Logic.core.clustering package

Logic.core.clustering.clustering_metrics module

class ClusteringMetrics

Bases: object

adjusted_rand_score(true_labels: List, cluster_labels: List) → float

Calculate the adjusted Rand index for the given cluster assignments and ground truth labels.

Parameters:

• true_labels (List) – A list of ground truth labels for each data point (Genres).

• cluster_labels (List) – A list of cluster assignments for each data point.

Returns:

The adjusted Rand index, ranging from -1 to 1, where a higher value indicates better clustering.

Return type:

float

purity_score(true_labels: List, cluster_labels: List) → float

Calculate the purity score for the given cluster assignments and ground truth labels.

Parameters:

• true_labels (List) – A list of ground truth labels for each data point (Genres).
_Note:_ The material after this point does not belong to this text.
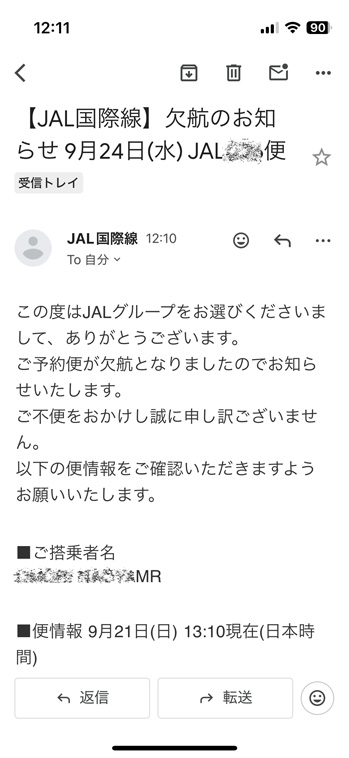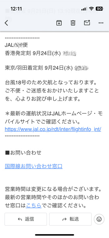 買い物中、JAL より(欠航に伴い)予約をキャンセルするか別のフライトに振り替えるか、メールで問い合わせが。 日本の仕事は金曜なので、1日ズラして木曜に移動することとしました。 ホントは予備日で、いろいろ予定を入れていたのですが仕方ない 〜 ↓

• cluster_labels (List) – A list of cluster assignments for each data point.

Returns:

The purity score, ranging from 0 to 1, where a higher value indicates better clustering.

Return type:

float

silhouette_score(embeddings: List, cluster_labels: List) → float

Calculate the average silhouette score for the given cluster assignments.

Parameters:

• embeddings (List) – A list of vectors representing the data points.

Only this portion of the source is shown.